These pages have been written before, the ones with your name changed, and mine turned inside out and hanging upside down. The two of us unrecognizable, but real none the same. Your voice sneaks in far too easily, the shape of your eyes, the lazy left side of your smile, and the way you hold your coffee with both hands, reverently, as if its a gift. I try to forget. Negotiating a deal with my memory, a give and take of feeling, while I search for the never there “off” button of love. I used to think I fell in and out of love quickly, rashly, with reckless abandon, but I think I was always a little wrong. I mistook love for desire, for attraction, for lust or sometimes even boredom. But when love showed up one day it knocked all those I perceived as love, all the mistaken love and love lost, it had been half-truths, or perhaps just stepping stones to what really falling would feel like.

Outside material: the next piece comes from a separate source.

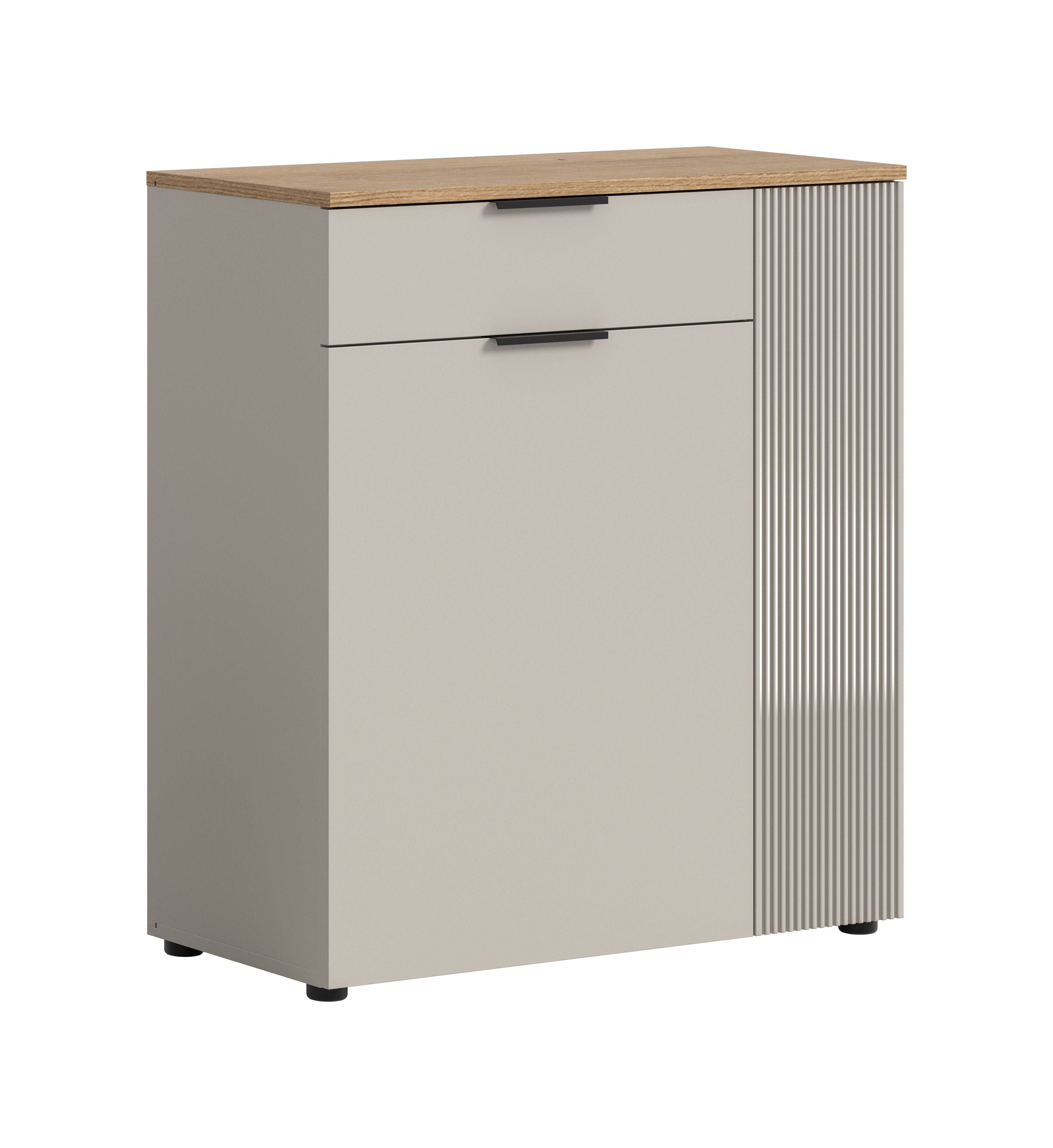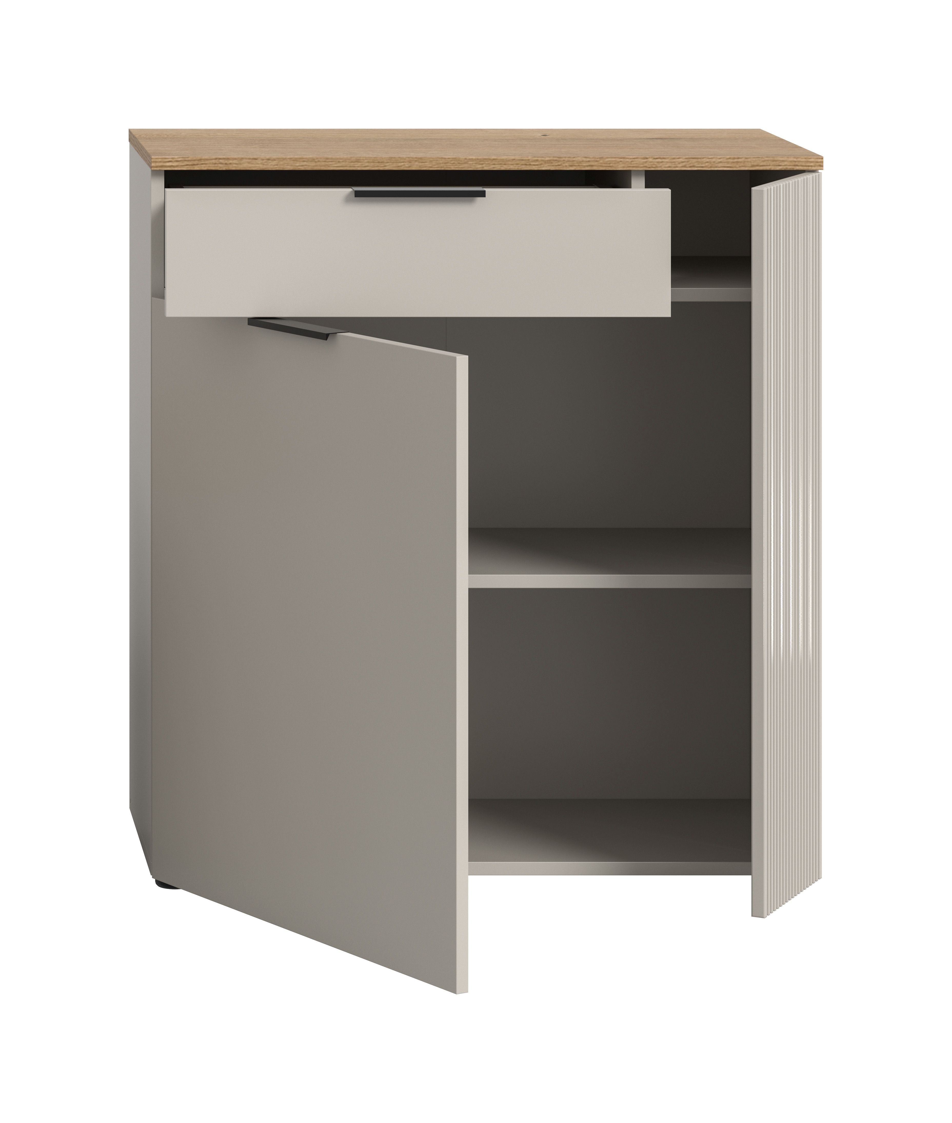 Die Garderobenkommode in Kaschmir-Nachbildung (80x88x36 cm) verbindet stilvolles Design mit praktischer Funktionalität. Mit zwei Türen, einem Schubkasten und einem herausnehmbaren Einlegeboden bietet sie vielseitigen Stauraum für bis zu sechs Paar Schuhe. Die Front mit eleganter Längstfräsung setzt dabei einen modernen Akzent und sorgt für ein aufgeräumtes Ambiente im Eingangsbereich. Robust und zugleich ansprechend – ideal für eine ordentliche und einladende Garderobe.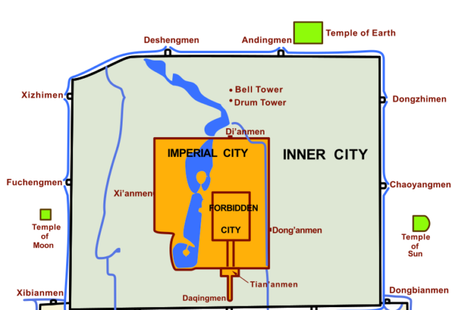 Al contrario de lo que se suele creer, este célebre edificio no es la entrada a la Ciudad Prohibida sino a la Ciudad Imperial, en cuyo centro se encuentra la Ciudad Prohibida, es decir, el Palacio Imperial donde se ubican el trono del Dragón y los aposentos del emperador.

Sometimes I think of love as devastation. Seems dark and miserable though, doesn’t it? I’ve always been the type accused of naive optimism, though a thought like that catapults me into the other team. Shooting me straight into the den of the pessimists, all sharp toothed and snapping jaws, growling and shaking their manes. I don’t feel like a lion though. I don’t feel like a predator. So, they eat me alive, piece by piece devoured until all there is left is my bones to pick from. That’s what I mean by devastation. Love left me feeling stripped to the bone and picked clean. Or was it that love made me feel as such after I lost it?
You may quarrel with this, arguing that I didn’t lose it, that it still exists in that “love never dies” kind of way. You might say that you write me into lines and lyrics, that you still dream of my laughter, that you can still hear my voice lifting at the end like a question, or how I curled my body so close to yours as we slept. You may say it still exists, somewhere in the spaces between where you are, and where I am, but I’m not so sure anymore. There are things that seem so impossible, so incredibly difficult to cross over and embrace, things that have changed the construct of a you and a me together.
But do I still love, and feel devastated by it? Do I still see you in my mind when I close my eyes to sleep each night? Do you still haunt my dreams, both of night and day? Do I still love you?
The ocean waves continue, despite droughts and changing tides, no matter of Tsunamis and climate shifts, still they continue their ebb and their flow. The sun still rises in the sky, the sunset still comes, they still say we need rain in Los Angeles as they predict more sun, and yes, I still love, and love you. I still do.
But what does it matter now, what consequence, or lack thereof, is there to me loving still. We reside in the same city, but it may as well be an ocean away. Our wires cross occasionally, words thrown from your side and to mine, and volleyed back, because its hard to stay silent. I still drive by your street, but I can’t seem to go further, I can’t seem to get close enough to park in front of your house. I still dream of it though, the path to your door, the three steps up, the grain of wood, the window panes, the threadbare welcome mat that we bought on Venice Beach, together.
And that’s just the outside, the peripheral, the entry. Everything past the threshold is too heavy for anything but past midnight dreaming. I need to be sank into my subconscious, within the safety of REM sleep, to recollect that imagery. The coffee pot, the record player, the cream colored duvet, dog bowls, acoustic guitars, and the smell of you everywhere. It is all just a little too much for me now. It all hurts too much now.
It devastates, but it creates, too, in words, in writing, in the way I sing-a-long to songs that carve themselves into my insides, swim around my bloodstream, play with my pulse. I may be devastated, I may be dark and prickly and raw, but I still wouldn’t change a minute of it, of being knocked like that, of loving like that. I wouldn’t trade anything for it at all.